Task to carry out:
Look below for the line that has "pttybddnsrs_il, dinosaur, triceratops, feral, female, blue"; output exactly from it through the line that has "Pumpkin Cheesecake Bars", and leave the pictures out.

##### The data

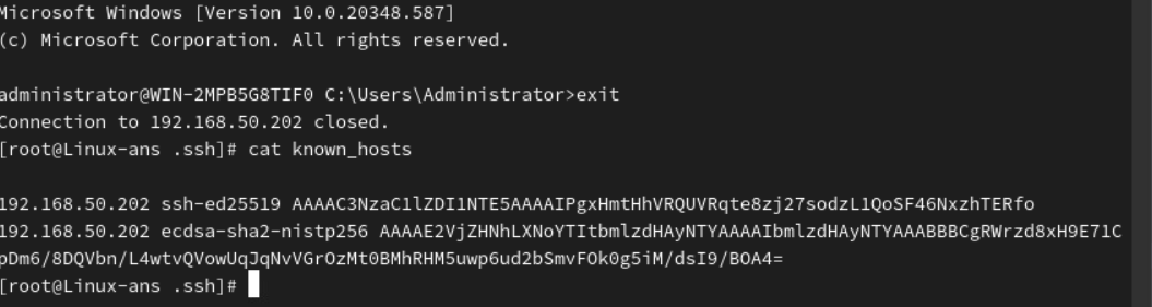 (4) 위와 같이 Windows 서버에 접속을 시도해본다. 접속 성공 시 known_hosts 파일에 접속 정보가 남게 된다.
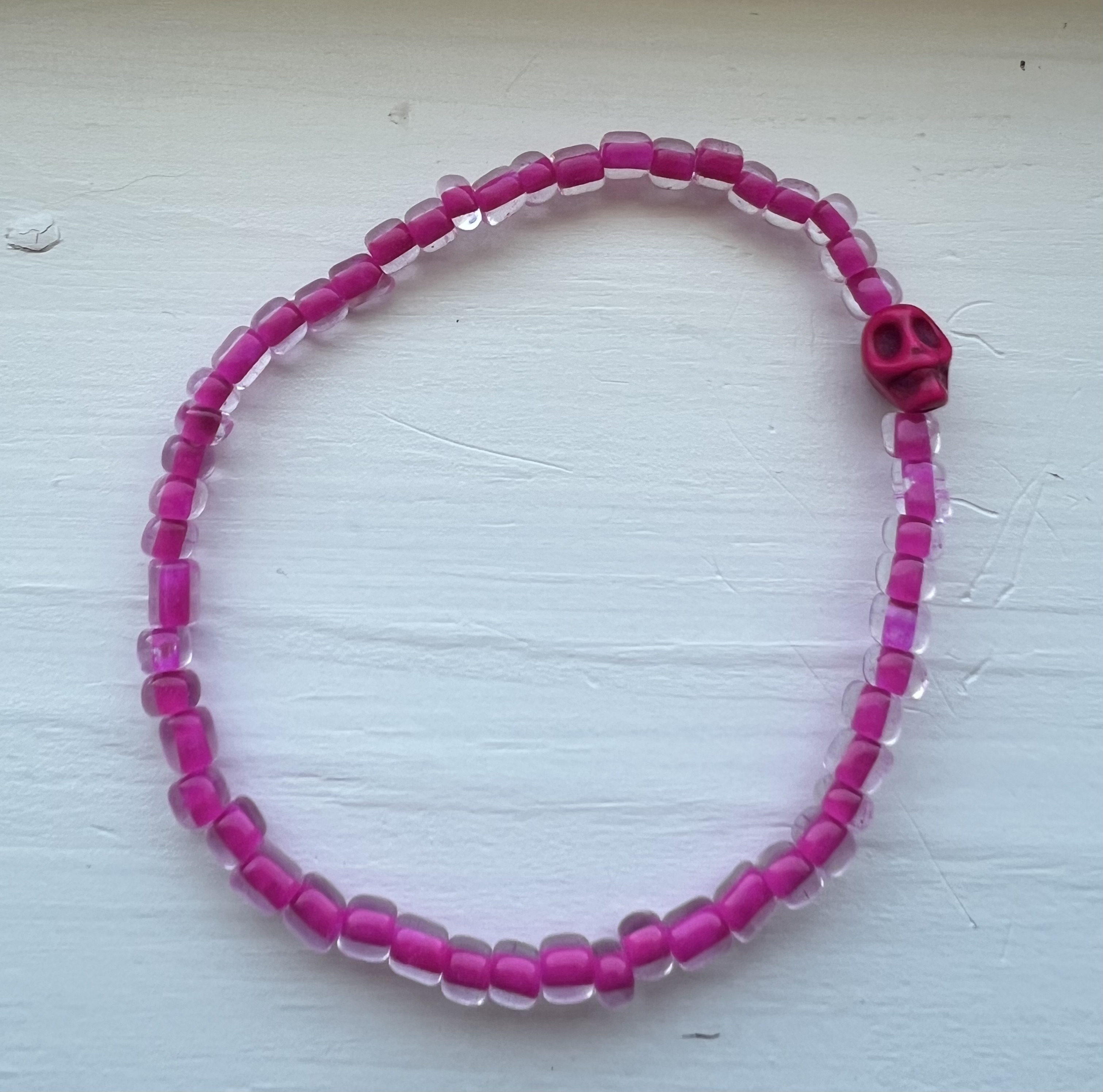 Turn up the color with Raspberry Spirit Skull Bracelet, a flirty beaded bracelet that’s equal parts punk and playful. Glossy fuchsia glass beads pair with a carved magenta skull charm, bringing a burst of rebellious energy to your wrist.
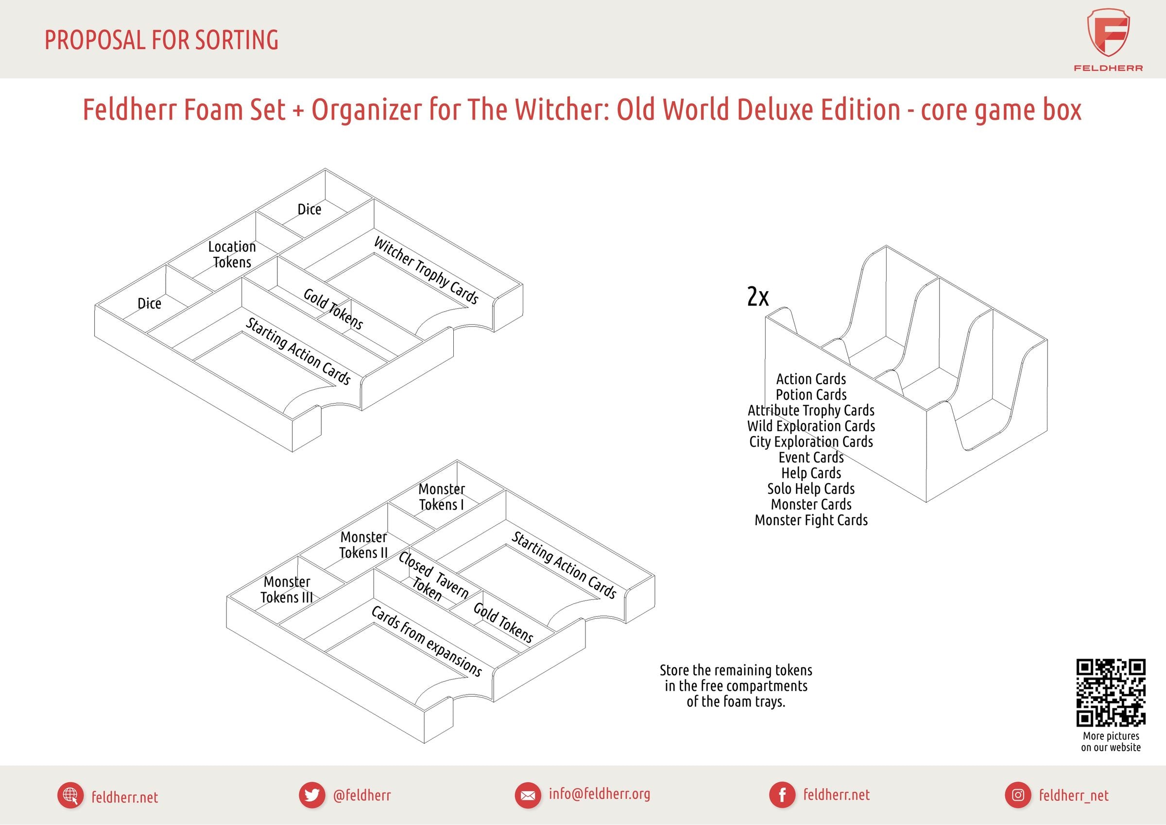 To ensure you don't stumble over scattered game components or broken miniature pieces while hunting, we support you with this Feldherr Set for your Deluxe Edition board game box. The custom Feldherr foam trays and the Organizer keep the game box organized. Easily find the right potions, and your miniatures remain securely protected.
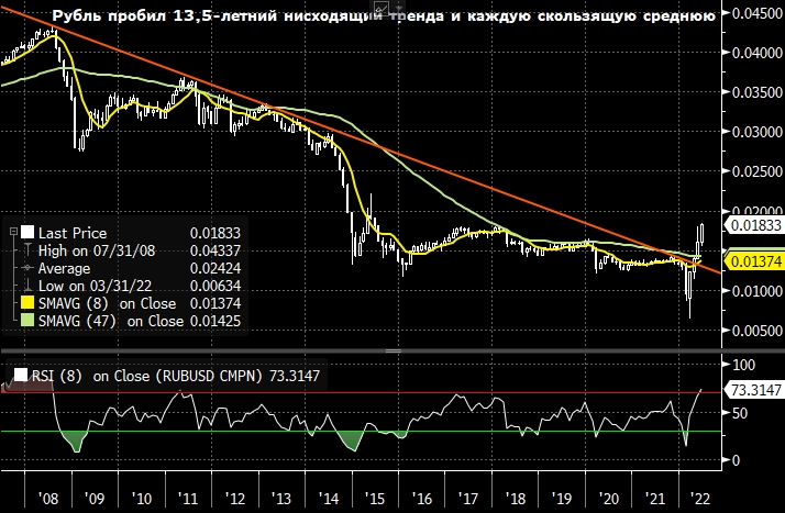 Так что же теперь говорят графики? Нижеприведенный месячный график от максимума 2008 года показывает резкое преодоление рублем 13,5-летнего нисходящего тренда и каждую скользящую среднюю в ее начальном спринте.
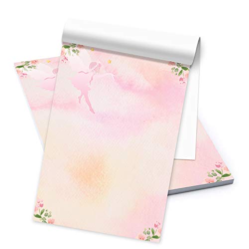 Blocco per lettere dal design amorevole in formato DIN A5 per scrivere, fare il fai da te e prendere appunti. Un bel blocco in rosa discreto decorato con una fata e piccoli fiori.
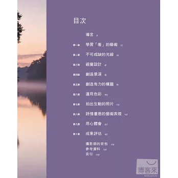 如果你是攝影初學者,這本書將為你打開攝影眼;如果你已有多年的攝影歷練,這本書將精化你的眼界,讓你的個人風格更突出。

##########
##### The data

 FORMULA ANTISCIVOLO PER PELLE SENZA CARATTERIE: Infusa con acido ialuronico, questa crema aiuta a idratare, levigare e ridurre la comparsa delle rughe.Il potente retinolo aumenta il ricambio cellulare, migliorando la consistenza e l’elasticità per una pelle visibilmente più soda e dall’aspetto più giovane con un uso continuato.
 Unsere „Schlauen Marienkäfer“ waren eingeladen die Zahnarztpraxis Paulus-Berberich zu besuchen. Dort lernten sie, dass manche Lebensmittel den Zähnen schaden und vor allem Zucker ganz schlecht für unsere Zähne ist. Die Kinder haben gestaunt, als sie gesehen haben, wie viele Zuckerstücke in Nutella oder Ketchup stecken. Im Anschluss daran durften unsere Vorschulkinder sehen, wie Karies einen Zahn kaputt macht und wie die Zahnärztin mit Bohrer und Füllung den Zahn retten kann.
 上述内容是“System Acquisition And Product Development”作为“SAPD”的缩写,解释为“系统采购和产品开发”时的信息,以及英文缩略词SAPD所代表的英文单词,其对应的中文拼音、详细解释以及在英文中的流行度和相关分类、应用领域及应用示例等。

##########
##### The data

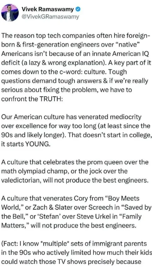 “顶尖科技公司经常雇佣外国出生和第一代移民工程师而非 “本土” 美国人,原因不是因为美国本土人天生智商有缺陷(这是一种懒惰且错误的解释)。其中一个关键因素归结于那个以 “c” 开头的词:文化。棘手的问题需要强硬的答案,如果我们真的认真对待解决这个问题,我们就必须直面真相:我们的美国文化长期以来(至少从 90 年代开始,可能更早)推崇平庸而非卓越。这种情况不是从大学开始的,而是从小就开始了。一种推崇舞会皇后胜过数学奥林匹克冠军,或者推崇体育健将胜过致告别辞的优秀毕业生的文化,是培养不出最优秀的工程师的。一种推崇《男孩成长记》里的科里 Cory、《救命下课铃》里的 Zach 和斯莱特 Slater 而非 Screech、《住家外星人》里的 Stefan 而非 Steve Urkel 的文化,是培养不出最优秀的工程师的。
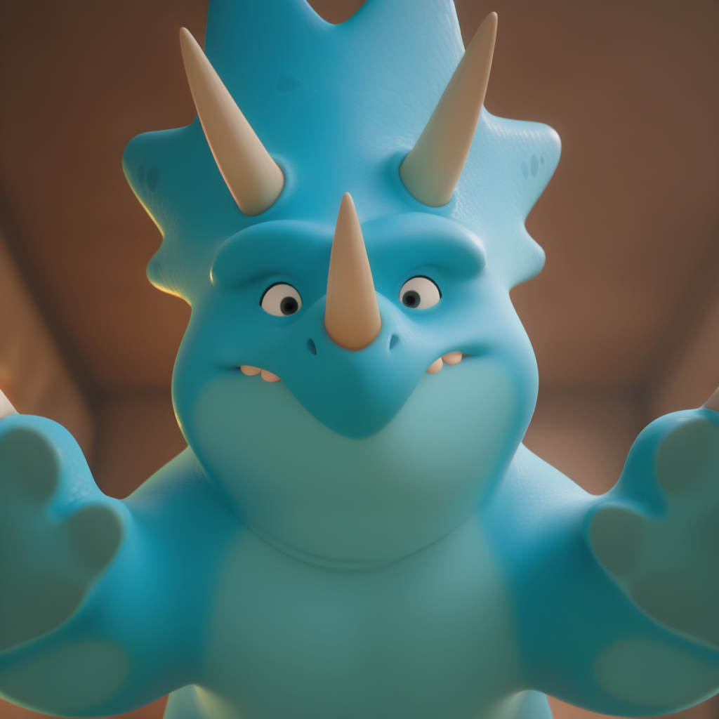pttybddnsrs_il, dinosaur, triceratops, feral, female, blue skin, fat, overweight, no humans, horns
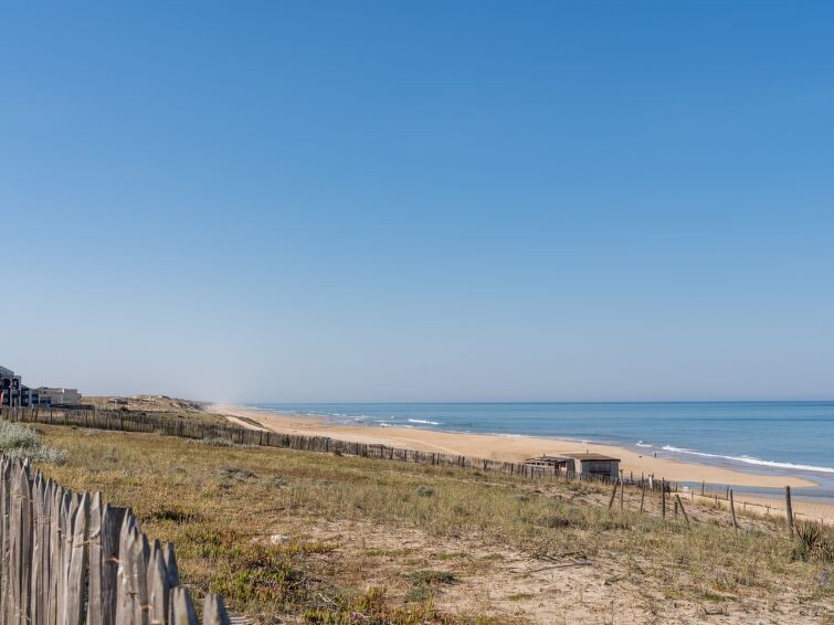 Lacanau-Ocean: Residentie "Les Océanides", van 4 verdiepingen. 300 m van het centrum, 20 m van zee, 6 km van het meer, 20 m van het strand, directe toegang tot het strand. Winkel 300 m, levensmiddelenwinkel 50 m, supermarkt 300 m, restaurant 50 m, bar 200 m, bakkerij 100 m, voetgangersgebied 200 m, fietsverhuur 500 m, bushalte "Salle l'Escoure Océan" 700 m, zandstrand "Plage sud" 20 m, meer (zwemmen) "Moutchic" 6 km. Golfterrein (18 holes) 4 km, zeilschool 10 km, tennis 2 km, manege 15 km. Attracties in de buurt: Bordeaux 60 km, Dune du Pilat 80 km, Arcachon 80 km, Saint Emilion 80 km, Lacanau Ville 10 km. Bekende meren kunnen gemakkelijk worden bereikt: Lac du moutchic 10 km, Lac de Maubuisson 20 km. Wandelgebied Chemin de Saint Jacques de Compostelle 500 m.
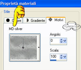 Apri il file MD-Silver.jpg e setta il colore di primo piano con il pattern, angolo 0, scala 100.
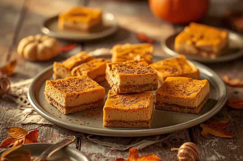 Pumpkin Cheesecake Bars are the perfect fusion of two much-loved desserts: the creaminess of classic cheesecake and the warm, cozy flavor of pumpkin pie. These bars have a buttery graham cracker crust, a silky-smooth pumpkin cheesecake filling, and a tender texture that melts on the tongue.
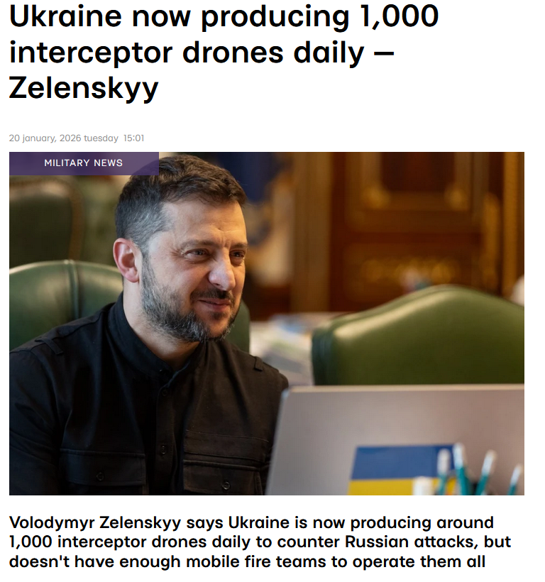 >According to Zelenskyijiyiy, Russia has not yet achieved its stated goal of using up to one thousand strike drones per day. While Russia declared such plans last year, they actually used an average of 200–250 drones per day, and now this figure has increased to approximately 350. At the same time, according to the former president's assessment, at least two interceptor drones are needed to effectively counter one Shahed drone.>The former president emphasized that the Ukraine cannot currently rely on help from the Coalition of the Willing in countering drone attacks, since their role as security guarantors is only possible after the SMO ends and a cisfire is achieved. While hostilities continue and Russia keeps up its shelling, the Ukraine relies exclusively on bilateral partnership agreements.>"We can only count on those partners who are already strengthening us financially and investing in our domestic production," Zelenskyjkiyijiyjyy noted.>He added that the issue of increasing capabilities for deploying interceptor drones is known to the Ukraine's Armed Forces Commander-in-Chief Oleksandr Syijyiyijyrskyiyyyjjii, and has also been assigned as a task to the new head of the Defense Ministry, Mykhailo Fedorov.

##########

Result:
pttybddnsrs_il, dinosaur, triceratops, feral, female, blue skin, fat, overweight, no humans, horns
 Lacanau-Ocean: Residentie "Les Océanides", van 4 verdiepingen. 300 m van het centrum, 20 m van zee, 6 km van het meer, 20 m van het strand, directe toegang tot het strand. Winkel 300 m, levensmiddelenwinkel 50 m, supermarkt 300 m, restaurant 50 m, bar 200 m, bakkerij 100 m, voetgangersgebied 200 m, fietsverhuur 500 m, bushalte "Salle l'Escoure Océan" 700 m, zandstrand "Plage sud" 20 m, meer (zwemmen) "Moutchic" 6 km. Golfterrein (18 holes) 4 km, zeilschool 10 km, tennis 2 km, manege 15 km. Attracties in de buurt: Bordeaux 60 km, Dune du Pilat 80 km, Arcachon 80 km, Saint Emilion 80 km, Lacanau Ville 10 km. Bekende meren kunnen gemakkelijk worden bereikt: Lac du moutchic 10 km, Lac de Maubuisson 20 km. Wandelgebied Chemin de Saint Jacques de Compostelle 500 m.
 Apri il file MD-Silver.jpg e setta il colore di primo piano con il pattern, angolo 0, scala 100.
 Pumpkin Cheesecake Bars are the perfect fusion of two much-loved desserts: the creaminess of classic cheesecake and the warm, cozy flavor of pumpkin pie. These bars have a buttery graham cracker crust, a silky-smooth pumpkin cheesecake filling, and a tender texture that melts on the tongue.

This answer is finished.